▸ MATERIAL PROVIDED:
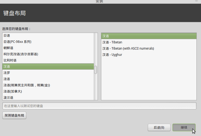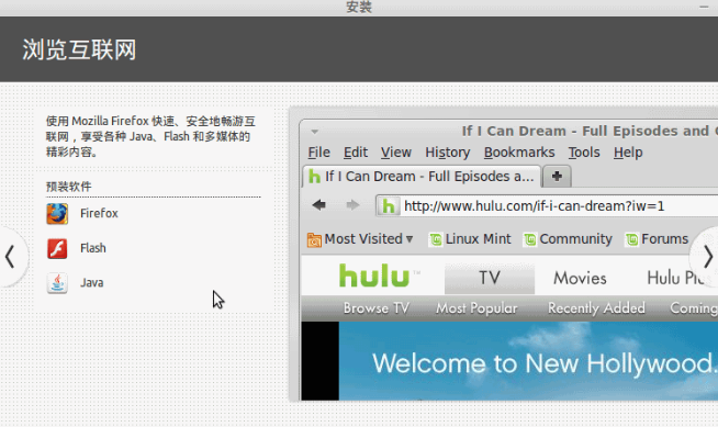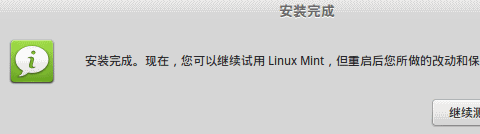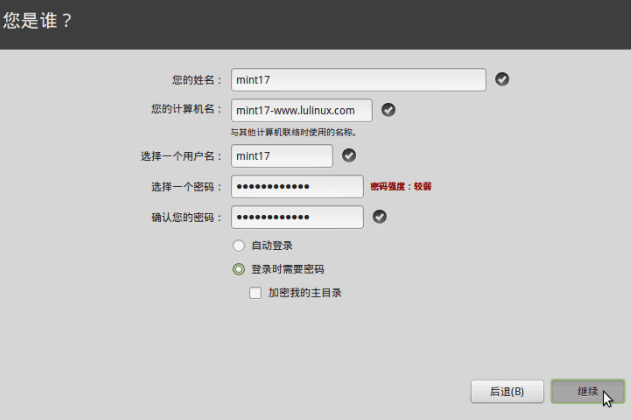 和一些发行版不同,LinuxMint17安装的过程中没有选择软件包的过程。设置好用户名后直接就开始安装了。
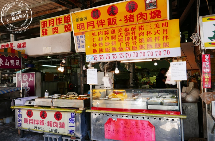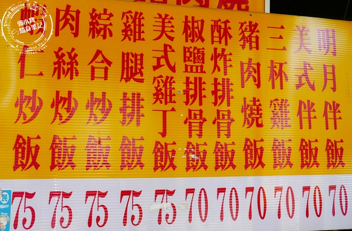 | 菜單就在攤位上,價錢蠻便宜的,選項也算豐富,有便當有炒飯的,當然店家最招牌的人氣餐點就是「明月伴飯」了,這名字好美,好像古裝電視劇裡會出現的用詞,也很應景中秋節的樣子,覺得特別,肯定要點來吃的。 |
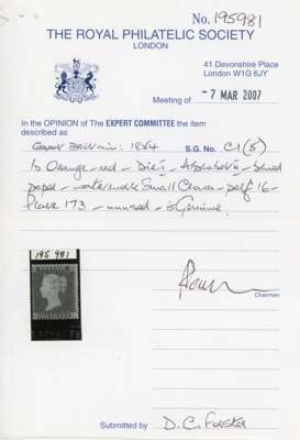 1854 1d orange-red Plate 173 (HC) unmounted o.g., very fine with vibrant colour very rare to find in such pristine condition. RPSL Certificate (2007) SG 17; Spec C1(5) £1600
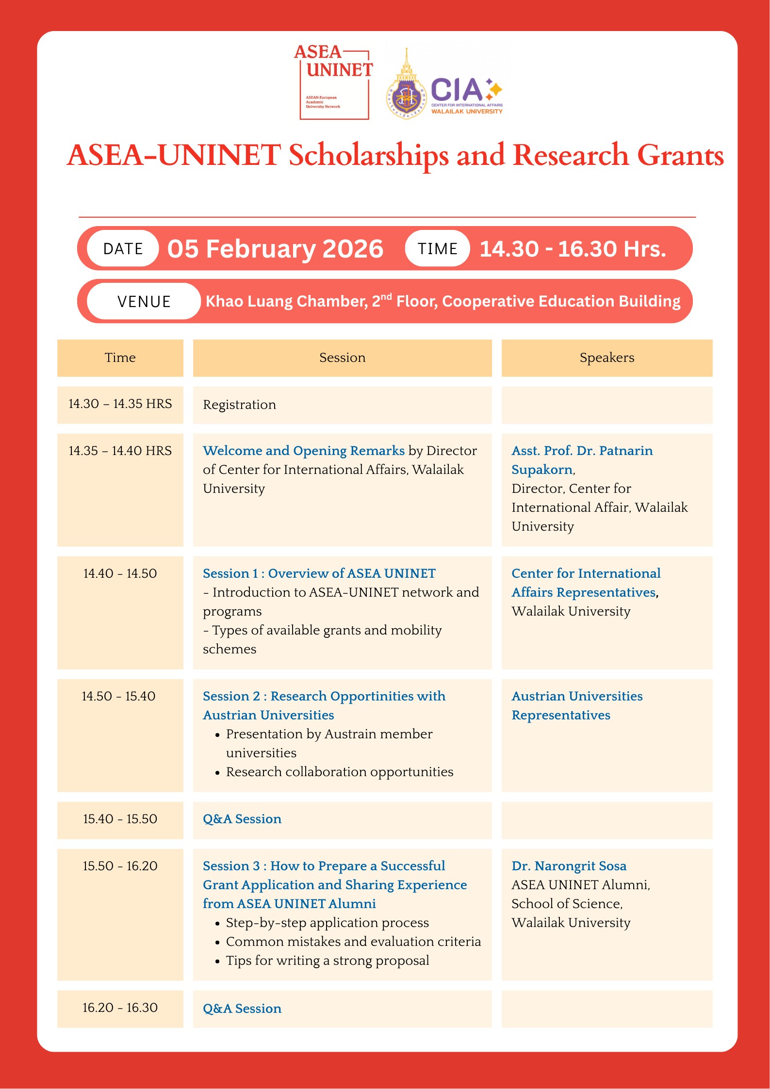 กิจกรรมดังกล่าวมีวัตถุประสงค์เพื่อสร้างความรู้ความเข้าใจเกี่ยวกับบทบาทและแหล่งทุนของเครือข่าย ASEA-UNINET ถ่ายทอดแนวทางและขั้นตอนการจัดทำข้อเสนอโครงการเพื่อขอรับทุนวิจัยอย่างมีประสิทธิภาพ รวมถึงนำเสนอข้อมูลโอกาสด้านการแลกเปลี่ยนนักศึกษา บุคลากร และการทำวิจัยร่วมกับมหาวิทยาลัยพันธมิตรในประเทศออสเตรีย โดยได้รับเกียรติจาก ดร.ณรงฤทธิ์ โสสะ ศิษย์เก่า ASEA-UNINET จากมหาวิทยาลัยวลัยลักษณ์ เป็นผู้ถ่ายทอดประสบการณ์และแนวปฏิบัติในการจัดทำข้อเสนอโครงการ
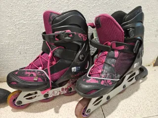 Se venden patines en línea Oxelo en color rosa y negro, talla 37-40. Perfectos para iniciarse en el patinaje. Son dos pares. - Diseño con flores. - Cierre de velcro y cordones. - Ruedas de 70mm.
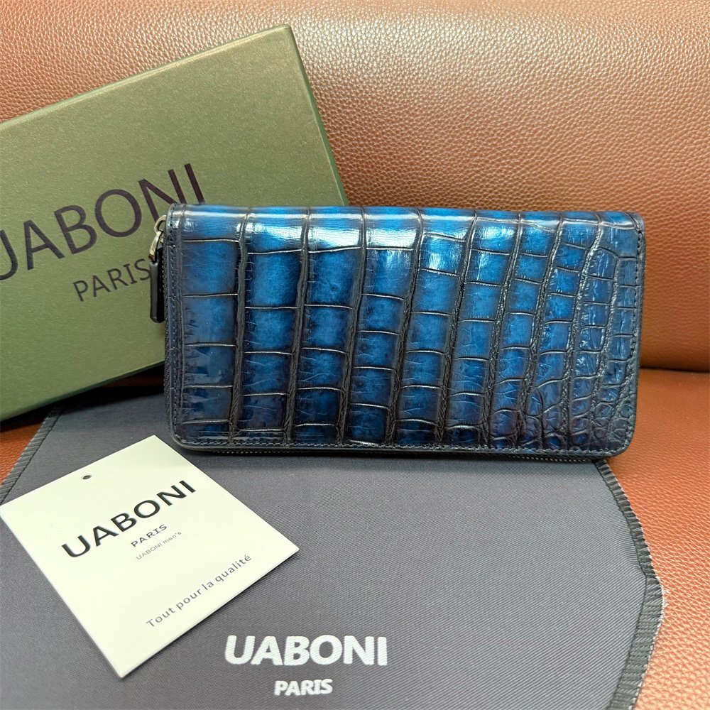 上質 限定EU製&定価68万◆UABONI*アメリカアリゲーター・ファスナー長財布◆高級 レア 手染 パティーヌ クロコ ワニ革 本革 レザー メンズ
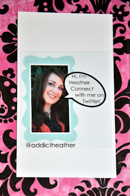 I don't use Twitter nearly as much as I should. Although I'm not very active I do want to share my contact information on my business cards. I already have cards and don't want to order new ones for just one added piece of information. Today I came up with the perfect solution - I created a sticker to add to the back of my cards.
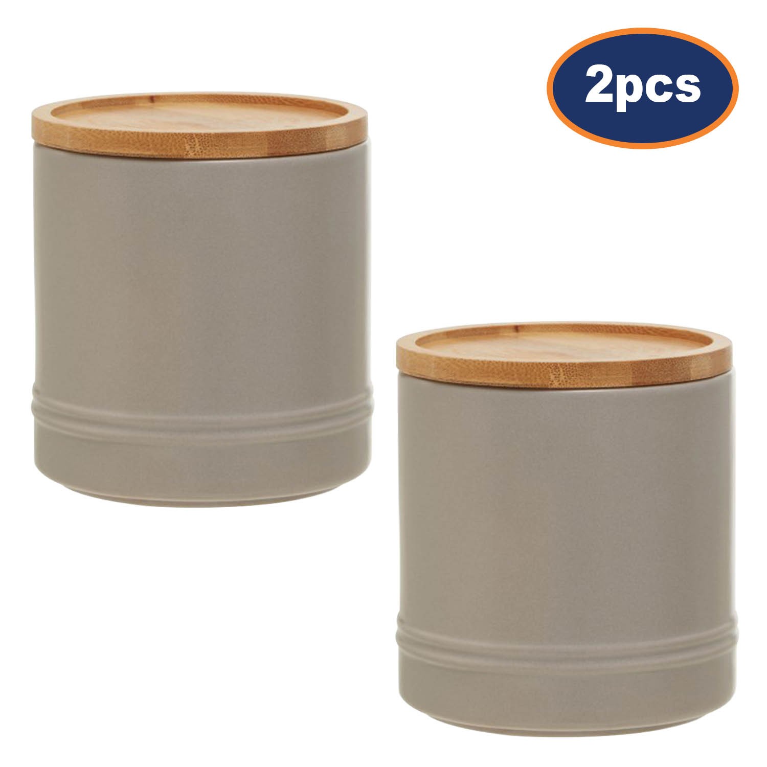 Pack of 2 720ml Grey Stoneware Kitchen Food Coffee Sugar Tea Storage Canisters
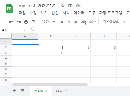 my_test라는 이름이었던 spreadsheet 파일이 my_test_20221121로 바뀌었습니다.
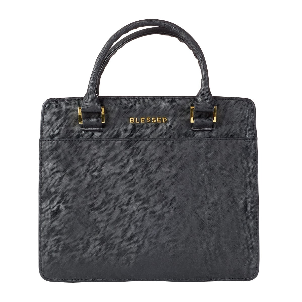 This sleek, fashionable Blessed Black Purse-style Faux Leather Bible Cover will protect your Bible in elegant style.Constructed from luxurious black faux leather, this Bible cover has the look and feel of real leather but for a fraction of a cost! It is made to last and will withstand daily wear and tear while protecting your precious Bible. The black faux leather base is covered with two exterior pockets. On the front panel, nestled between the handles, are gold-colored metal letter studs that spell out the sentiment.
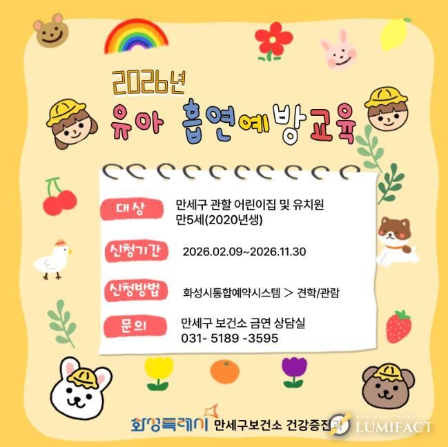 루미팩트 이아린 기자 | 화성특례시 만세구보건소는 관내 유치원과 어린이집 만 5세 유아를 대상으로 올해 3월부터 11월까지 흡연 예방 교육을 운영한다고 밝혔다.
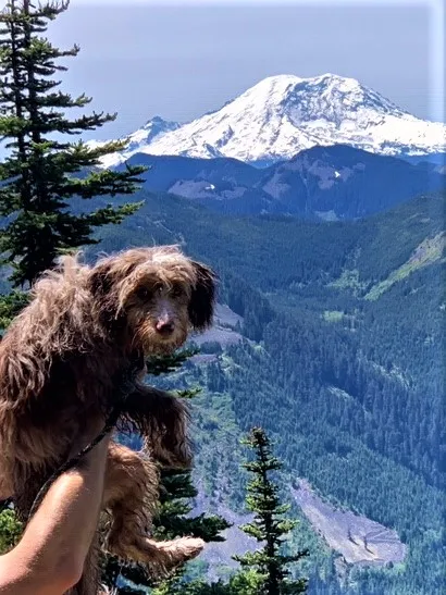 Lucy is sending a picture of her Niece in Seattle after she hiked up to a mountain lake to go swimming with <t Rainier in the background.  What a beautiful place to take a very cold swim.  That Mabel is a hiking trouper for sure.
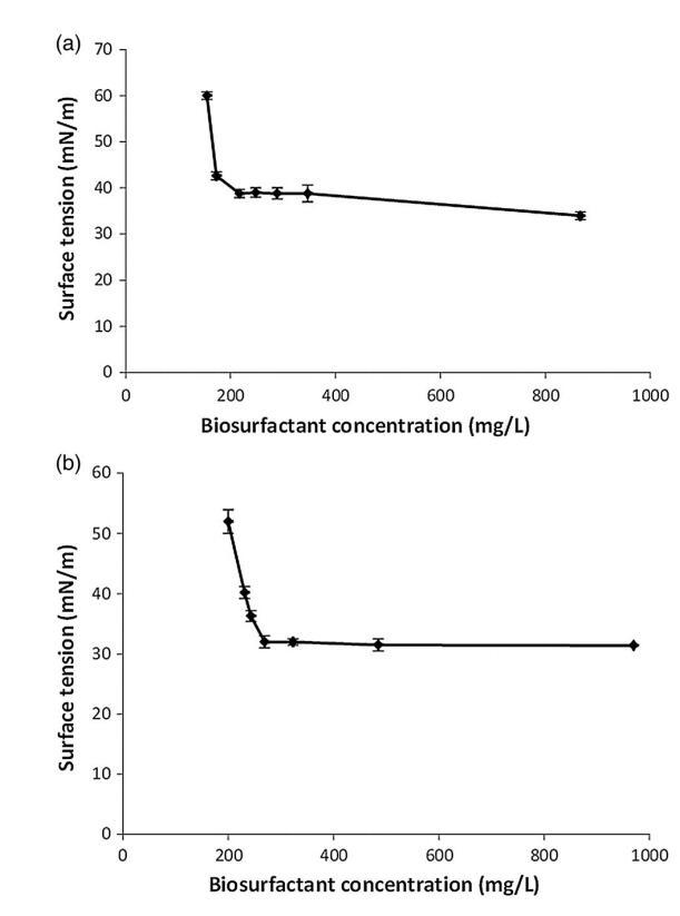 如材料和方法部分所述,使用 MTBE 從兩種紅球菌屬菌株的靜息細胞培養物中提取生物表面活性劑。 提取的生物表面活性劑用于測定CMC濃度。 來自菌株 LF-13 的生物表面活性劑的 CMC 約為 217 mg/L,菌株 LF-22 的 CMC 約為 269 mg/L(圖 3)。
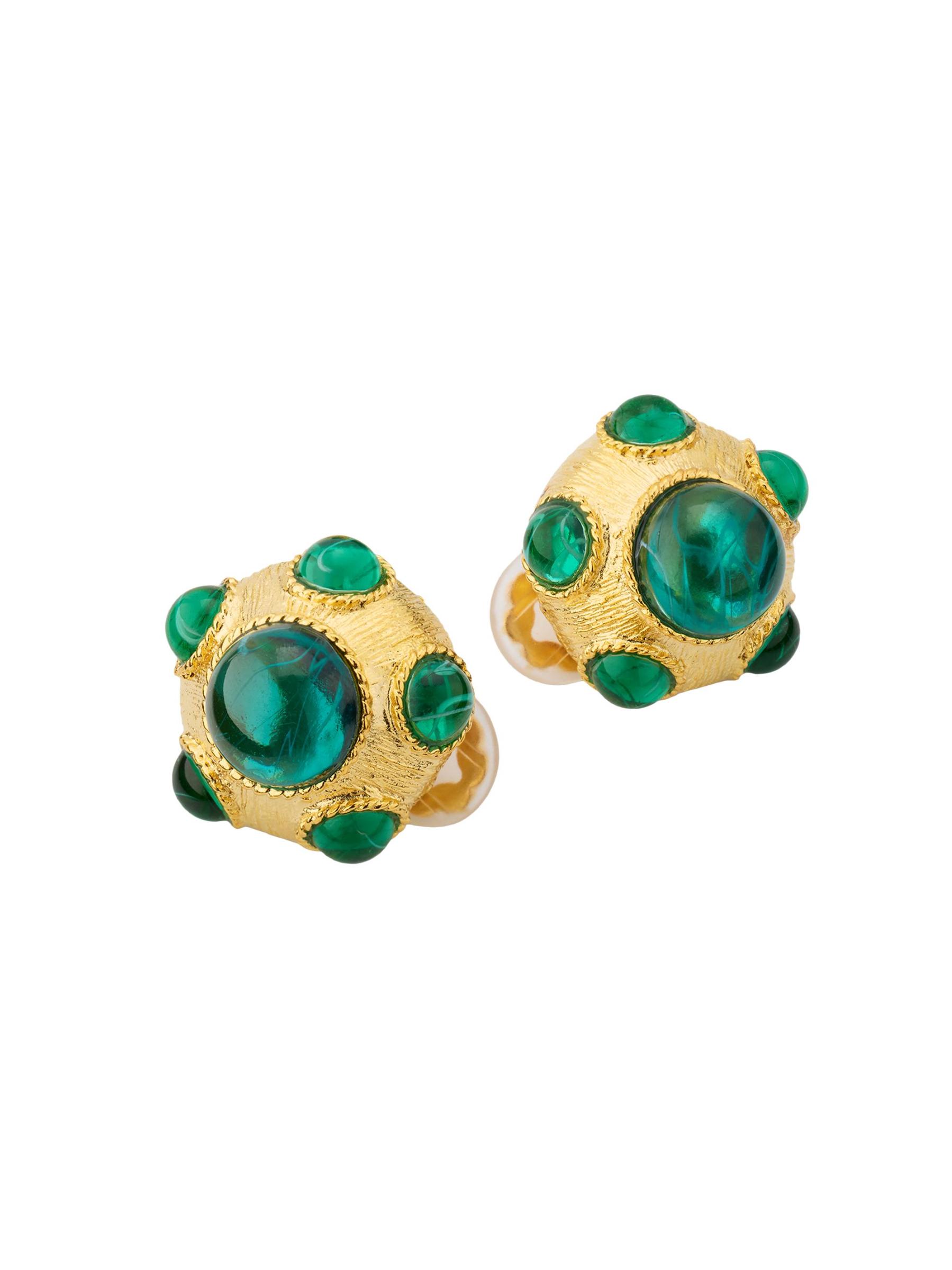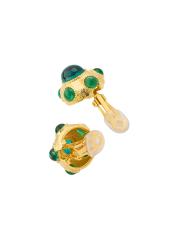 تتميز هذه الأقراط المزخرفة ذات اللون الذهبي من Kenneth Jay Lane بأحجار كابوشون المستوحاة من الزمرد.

▸ ASSIGNMENT: Having found the line with "I don't use" and the line with "my_test라는 이름이었던 spreadsheet" in the material above, write out exactly those two and every line between, leaving the pictures out.

▸ WRITTEN SOLUTION:
 I don't use Twitter nearly as much as I should. Although I'm not very active I do want to share my contact information on my business cards. I already have cards and don't want to order new ones for just one added piece of information. Today I came up with the perfect solution - I created a sticker to add to the back of my cards.
 Pack of 2 720ml Grey Stoneware Kitchen Food Coffee Sugar Tea Storage Canisters
 my_test라는 이름이었던 spreadsheet 파일이 my_test_20221121로 바뀌었습니다.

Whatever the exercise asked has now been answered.